# With a new resident visa how long can I wait to bring personal belongings into Mexico



## Deberman (Jun 27, 2013)

I have recently acquired my Residente Permanente. I have my personal belongings in Houston and are having a home I bought in SMA refurbished. How long can I wait to bring in my personal belongings. I think it used to be 6 months but don't know if this has changed with the new rules.
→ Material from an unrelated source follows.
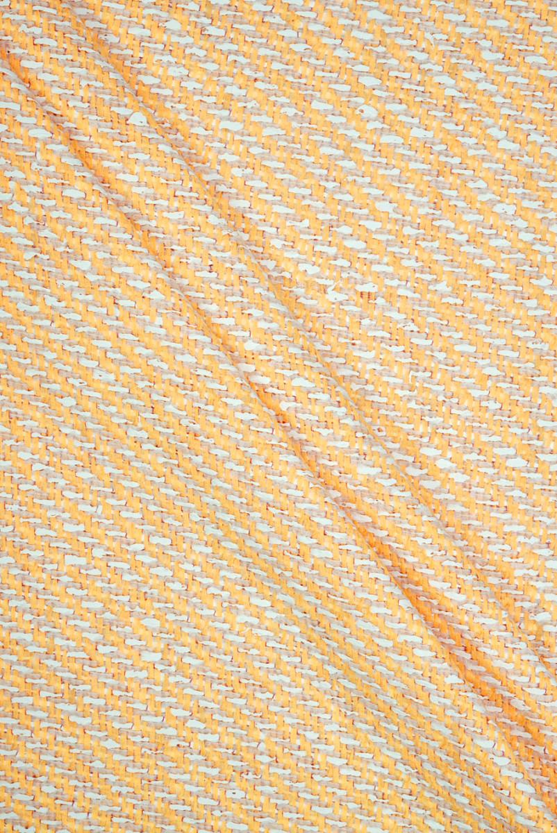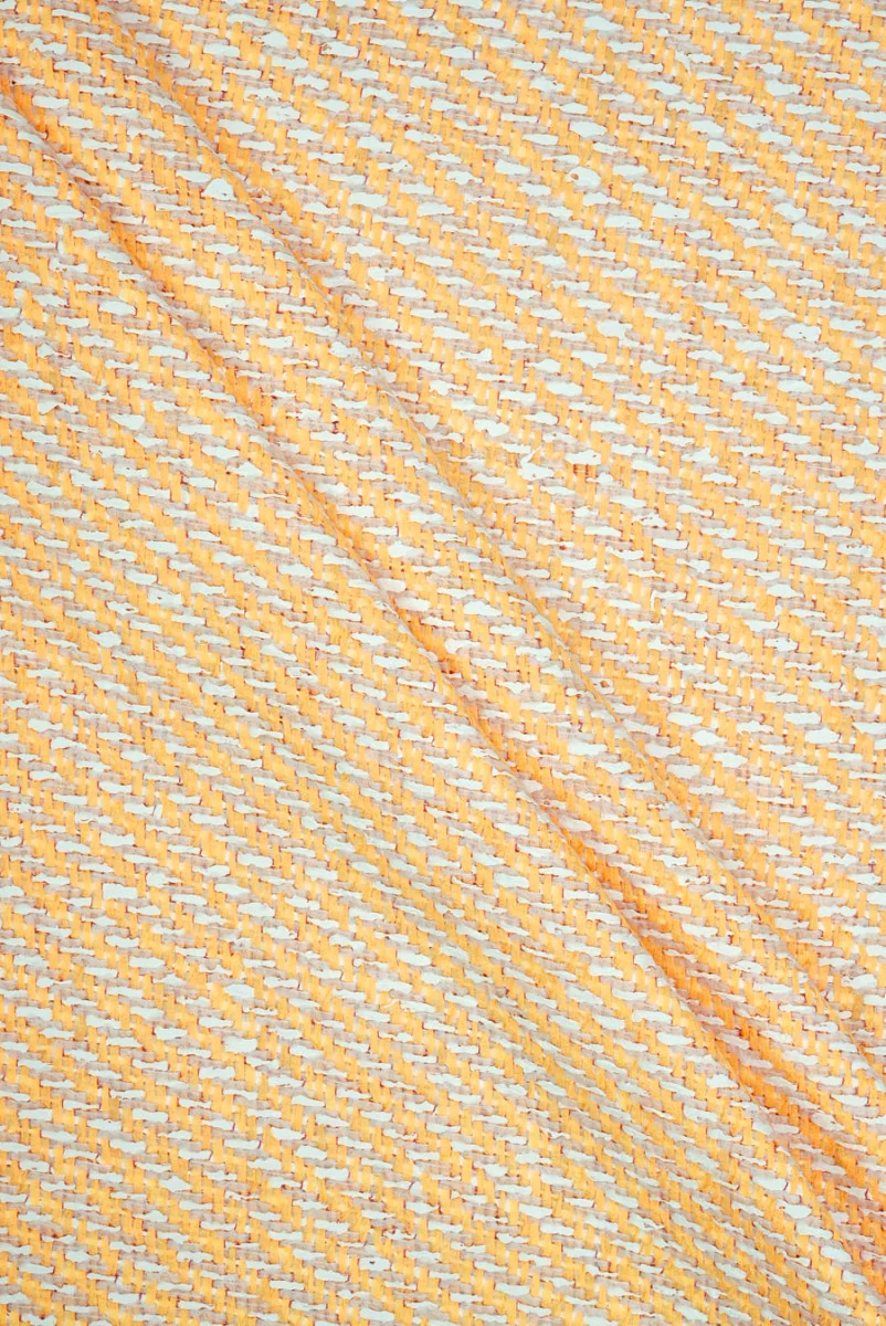 Mooie, klassieke Chanel-kostuumstof in lentegeel en wit, het geheel is gestikt met donkeroranje draad, dat bijna onzichtbaar is. De stof is zacht, niet-elastisch, vrij dun, vereist het gebruik van een voering, die in onze winkel kan worden geselecteerd. Het is perfect voor sets zoals: jas + rok, maar ook voor jurken.

Anyone know the answer to this?

Thanks
Dberman


----------



## RVGRINGO (May 16, 2007)

You have 180 days to enter Mexico (only once), then 30 days to apply to INM for finalization of your application and issuance of your Residente Permanente card. You cannot exit Mexico until it is issued, and it can take longer than you may expect. Once issued, you may ship personal goods to Mexico within six months, I think, and olny that once.
On your first single entry, you can bring what you can carry with you; seldom any problems there, except for the fact that you probably will not be driving, unless you have already got a Mexican plated car.


----------



## chuck4430 (Nov 25, 2012)

RVGRINGO said:


> You have 180 days to enter Mexico (only once), then 30 days to apply to INM for finalization of your application and issuance of your Residente Permanente card. You cannot exit Mexico until it is issued, and it can take longer than you may expect.
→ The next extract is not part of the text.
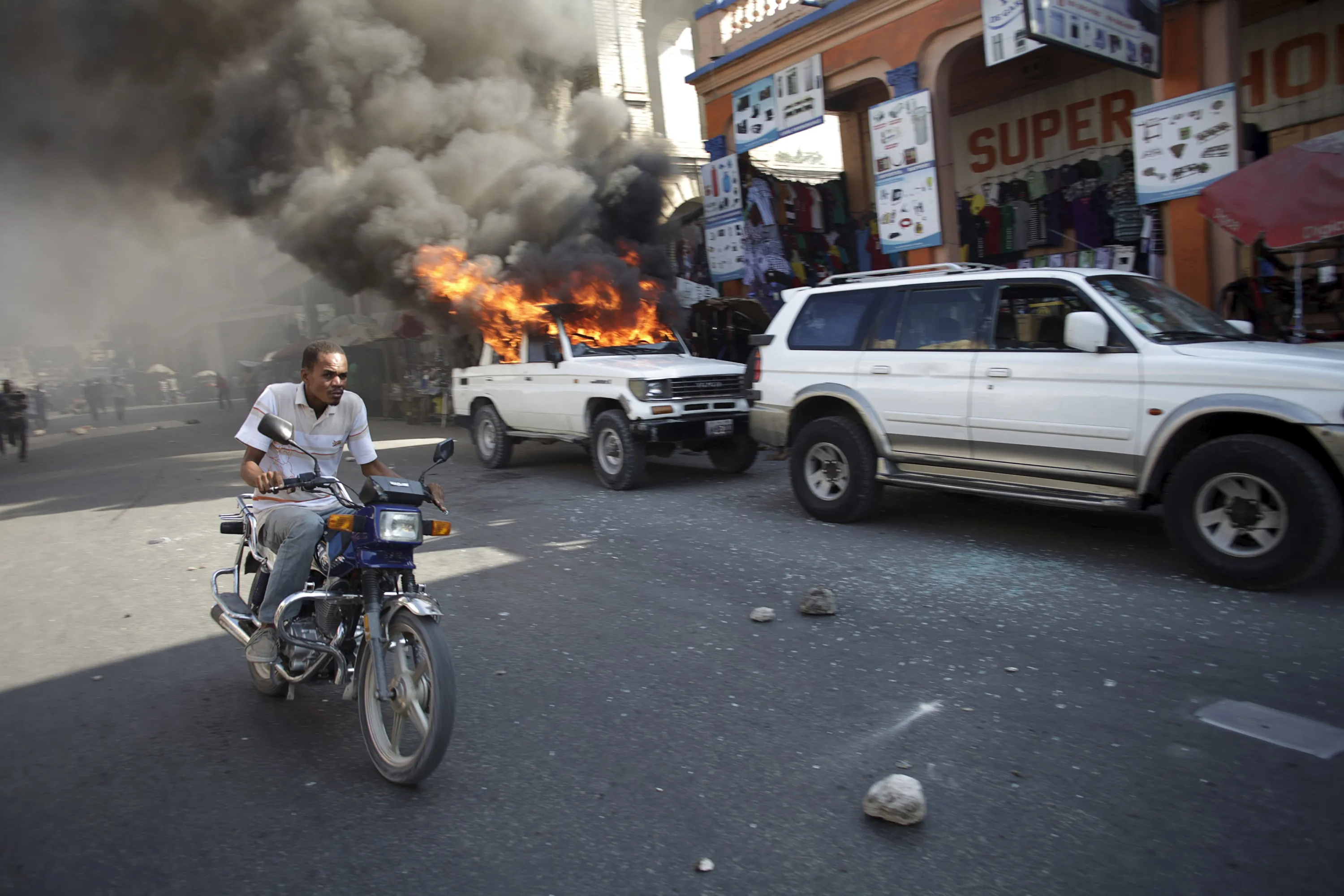 A man riding a bike passes next to a car that was set afire by protesters during a demonstration against the electoral process in Port-au-Prince, Haiti, January 18, 2016. Haiti's delayed presidential run-off election will take place on January 24. (Photo by Andres Martinez Casares/Reuters)

Please check your facts on leaving Mexico while waiting for your credentials. In the Jan-Feb timeframe, when we were going through our RP process, we ran into several people who were at the INM office to request permission to leave while waiting for their process to complete. There was a fee associated with that request and another fee to re-enter Mexico. There may be a time limit for your trip and you need to report to INM on your return. I've heard some people even got lucky and their cards were ready for them when they went back to report their return.


----------



## chuck4430 (Nov 25, 2012)

Deberman said:


> I have recently acquired my Residente Permanente. I have my personal belongings in Houston and are having a home I bought in SMA refurbished. How long can I wait to bring in my personal belongings. I think it used to be 6 months but don't know if this has changed with the new rules.
> 
> Anyone know the answer to this?
> 
> ...


Are you planning on asking the consulate to approve a menaje ? When we came down in January we had our menaje and all our stuff with us (trailer) when we crossed the border - day 1. We just weren't in a position to live without our stuff for who knows how long while we waited for our INM process to complete. I don't know how other people handle that...

Here's a link to an Aduana page that talks some about the menaje. And here is a short (google translated) mention of timeframes. In your case what concerns me is their use of the word 'arrived' rather than mention of obtaining your plastic credentials.

"Household items can be made within three months prior to the entrance of the country concerned or their removal thereof, or within six months after the date on which it arrived or departed."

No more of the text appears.